Exercise prompt: Wherever pictures appear in the listing below, leave them out, and copy exactly, and only, everything from the line with "PREMIUM MATERIAL: watchget" down to the line with "Ugreen 60406 bộ".

Materials provided:
Content starts

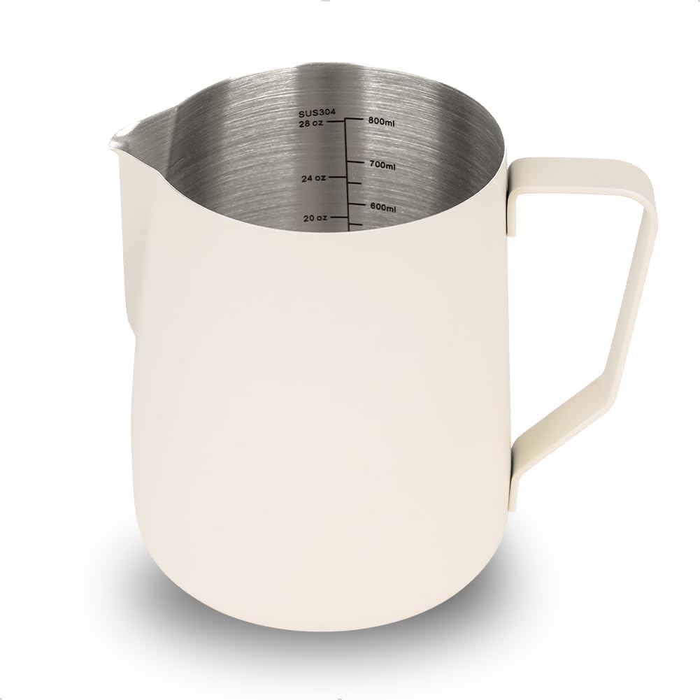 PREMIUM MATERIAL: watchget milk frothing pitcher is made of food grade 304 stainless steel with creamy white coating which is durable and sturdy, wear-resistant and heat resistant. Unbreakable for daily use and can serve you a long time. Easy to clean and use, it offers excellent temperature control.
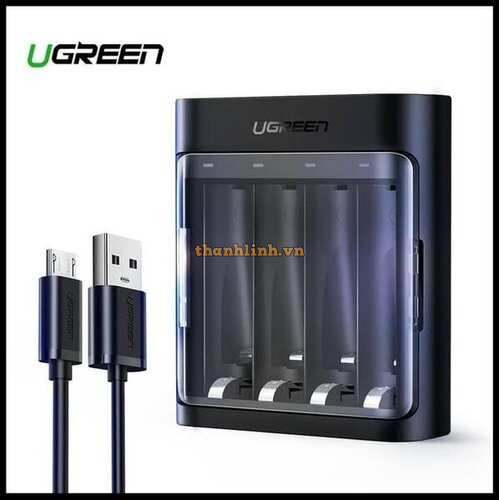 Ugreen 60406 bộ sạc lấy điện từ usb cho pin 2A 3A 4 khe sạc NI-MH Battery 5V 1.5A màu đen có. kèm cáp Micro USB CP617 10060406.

Content ends
Content starts

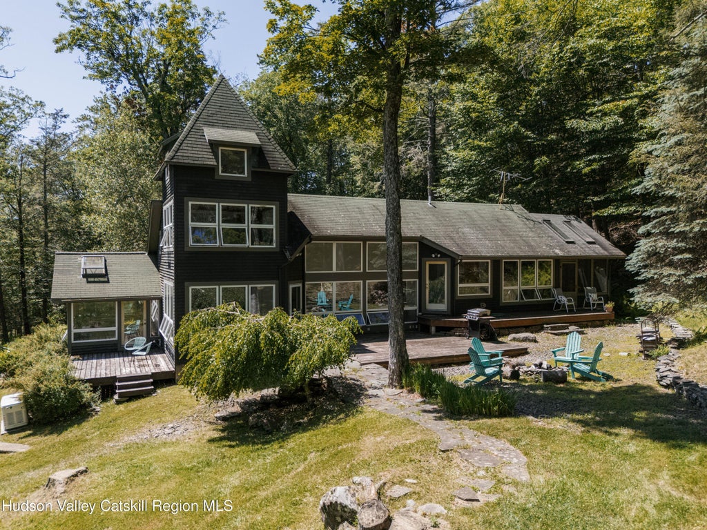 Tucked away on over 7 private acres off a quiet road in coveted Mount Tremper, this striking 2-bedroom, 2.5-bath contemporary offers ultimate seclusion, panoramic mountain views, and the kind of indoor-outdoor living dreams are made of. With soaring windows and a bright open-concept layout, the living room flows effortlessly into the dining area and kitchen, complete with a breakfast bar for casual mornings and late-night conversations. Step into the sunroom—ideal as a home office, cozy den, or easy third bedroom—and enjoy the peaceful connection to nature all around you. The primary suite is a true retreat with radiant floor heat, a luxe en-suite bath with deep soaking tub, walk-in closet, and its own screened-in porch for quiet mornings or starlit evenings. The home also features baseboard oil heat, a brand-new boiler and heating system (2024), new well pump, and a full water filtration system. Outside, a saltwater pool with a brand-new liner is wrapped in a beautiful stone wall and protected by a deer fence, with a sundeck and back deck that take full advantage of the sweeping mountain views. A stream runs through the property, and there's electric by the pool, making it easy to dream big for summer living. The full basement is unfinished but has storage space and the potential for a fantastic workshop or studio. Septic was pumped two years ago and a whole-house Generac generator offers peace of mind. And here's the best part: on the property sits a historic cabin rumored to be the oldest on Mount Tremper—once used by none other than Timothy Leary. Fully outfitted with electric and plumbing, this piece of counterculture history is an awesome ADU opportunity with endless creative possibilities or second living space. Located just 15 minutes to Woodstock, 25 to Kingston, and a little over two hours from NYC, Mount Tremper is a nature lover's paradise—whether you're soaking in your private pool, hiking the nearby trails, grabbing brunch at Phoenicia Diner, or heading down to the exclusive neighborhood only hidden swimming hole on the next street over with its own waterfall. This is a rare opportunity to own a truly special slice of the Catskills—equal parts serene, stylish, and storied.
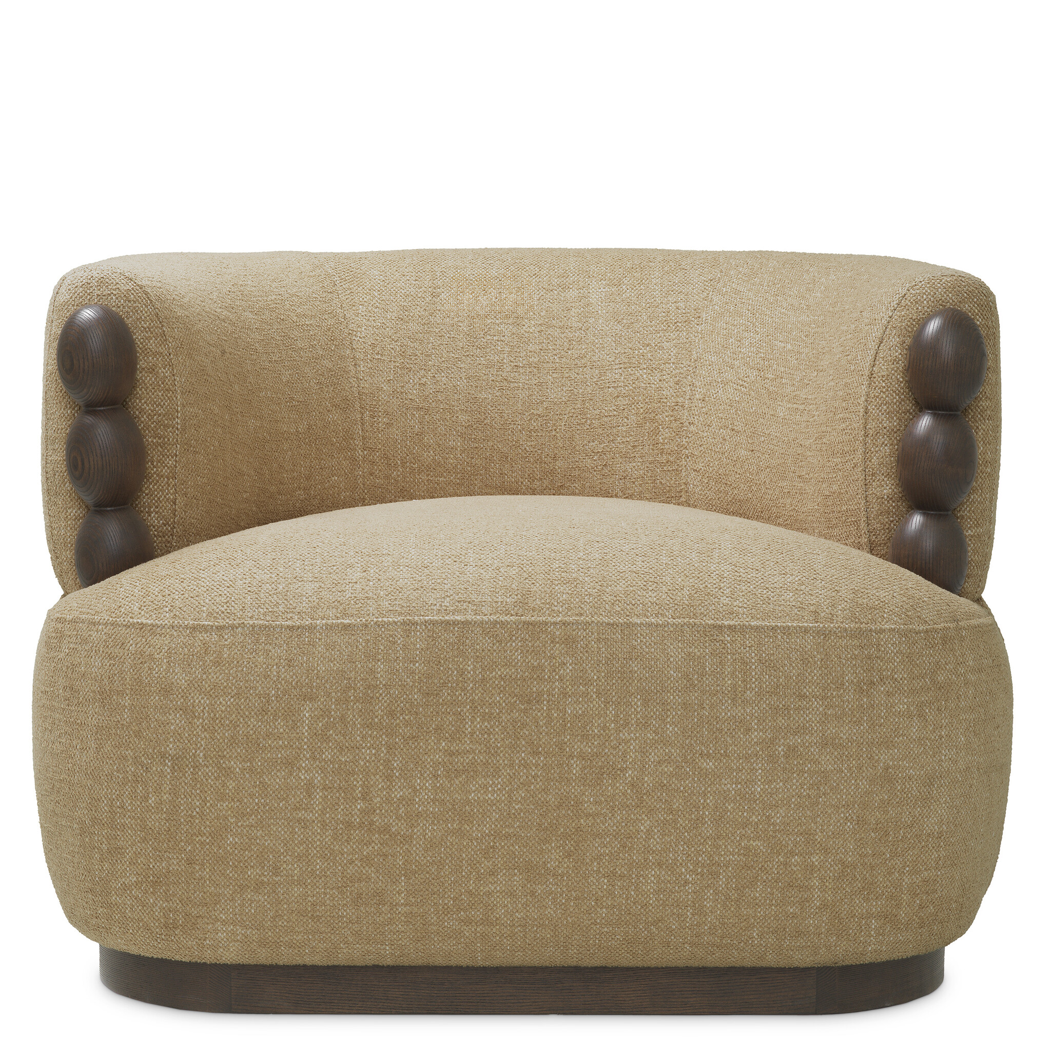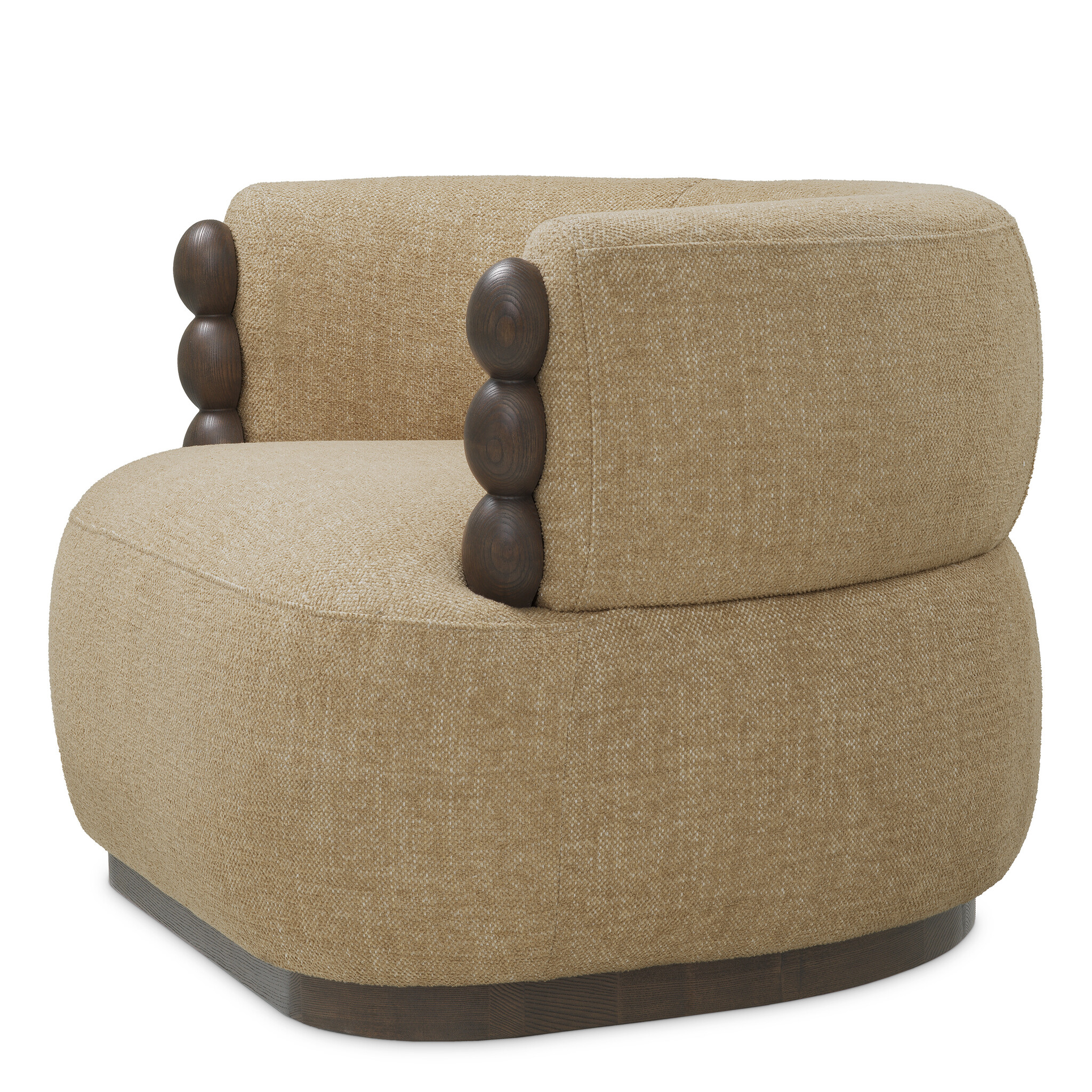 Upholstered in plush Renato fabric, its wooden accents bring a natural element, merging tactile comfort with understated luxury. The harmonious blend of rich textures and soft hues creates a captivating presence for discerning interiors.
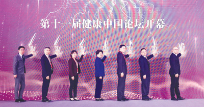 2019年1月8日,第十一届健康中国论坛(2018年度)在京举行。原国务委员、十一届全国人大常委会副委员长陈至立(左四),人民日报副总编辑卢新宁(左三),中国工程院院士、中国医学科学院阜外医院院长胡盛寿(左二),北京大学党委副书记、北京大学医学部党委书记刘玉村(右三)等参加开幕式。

Content ends

Exercise answer:
 PREMIUM MATERIAL: watchget milk frothing pitcher is made of food grade 304 stainless steel with creamy white coating which is durable and sturdy, wear-resistant and heat resistant. Unbreakable for daily use and can serve you a long time. Easy to clean and use, it offers excellent temperature control.
 Ugreen 60406 bộ sạc lấy điện từ usb cho pin 2A 3A 4 khe sạc NI-MH Battery 5V 1.5A màu đen có. kèm cáp Micro USB CP617 10060406.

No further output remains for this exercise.